I have wished all along, beyond anything else, not so much that we might have a pleasant home, pleasant scenery and circumstances, good society and the like, as that we might have good, holy influences about us, and God’s grace and love within us. And for you, dear George, I did not so much desire the intellectual and other attractions, about which we have talked sometimes, as a dwelling-place among those whom you might train heavenward or who would not be a hindrance in your journey thither. Through this whole affair I know I have thought infinitely more of you than of myself. And if you are happy at the North Pole shan’t I be happy there too? I shall be heartily thankful to see you a pastor with a people to love you. Only I shall be jealous of them.

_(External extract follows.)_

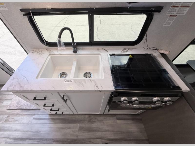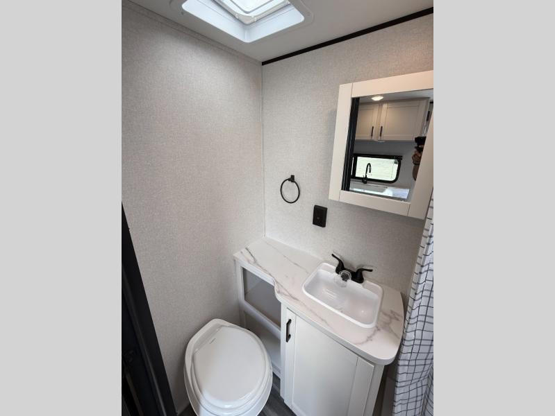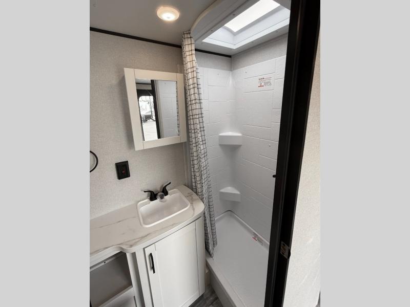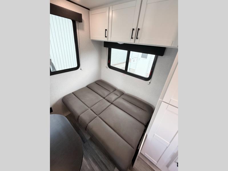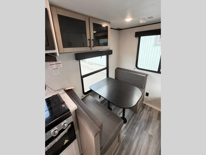 Camping in the woods is just what the doctor ordered and this trailer will provide all the interior comforts you need! There is a three burner cooktop and a microwave oven to prepare meals each day, plus an 7.7 cu. ft. 12V refrigerator for cold items. After your meal is made, you can dine at the booth dinette or relax on the jack-knife sofa, and these areas can become sleeping space for two to three guests at night. The full bath with a shower means you won't have to use the camp's facilities and the 16' power awning will provide protection from the sun as you visit with other campers!

To her friend, Miss Thurston, she writes from New Bedford, April 28th:
I thank you with all my heart for your letter and for the very pretty gift, which I suppose to be the work of your own hands. I can not tell you how inexpressibly dear to me are all the expressions of affection I have received and am receiving from old friends. We have been here ten days, and very happy days they have been to me, notwithstanding I have had to see so many strange faces and to talk to so many new people. And both my sister and Anna tell me that the first months of married life are succeeded by far happier ones still; so I shall go on my way rejoicing. As to what your brother says about disappointment, nobody believes his doctrine better than I do; but life is as full of blessings as it is of disappointments, I conceive, and if we only know how, we may often, out of mere will, get the former instead of the latter. I have had some experience of the “conflict and dismay” of this present evil world; but then I have also had some of its smiles. Neither of these ever made me angry with this life, or in love with it. I believe I am pretty cool and philosophical, but it won’t do for me at this early day to be boasting of what is in me. I shall have to wait till circumstances bring it out. I can only answer for the past and the present—the one having been blessed and gladdened and the other being made happy and cheerful by lover and husband. I’ll tell you truly, as I promised to do, if my heart sings another tune on the 17th of April, 1848. I only hope I shall enter soberly and thankfully on my new life, expecting sunshine and rain, drought and plenty, heat and cold—and adapting myself to alternations contentedly—but who knows? We are boarding at a hotel, which is not over pleasant. However, we have two good rooms and have home things about us. I like to sit at work while Mr. Prentiss writes his sermons and he likes to have me—so, for the present, a study can be dispensed with. In a few weeks we hope to get to housekeeping. I like New Bedford very much.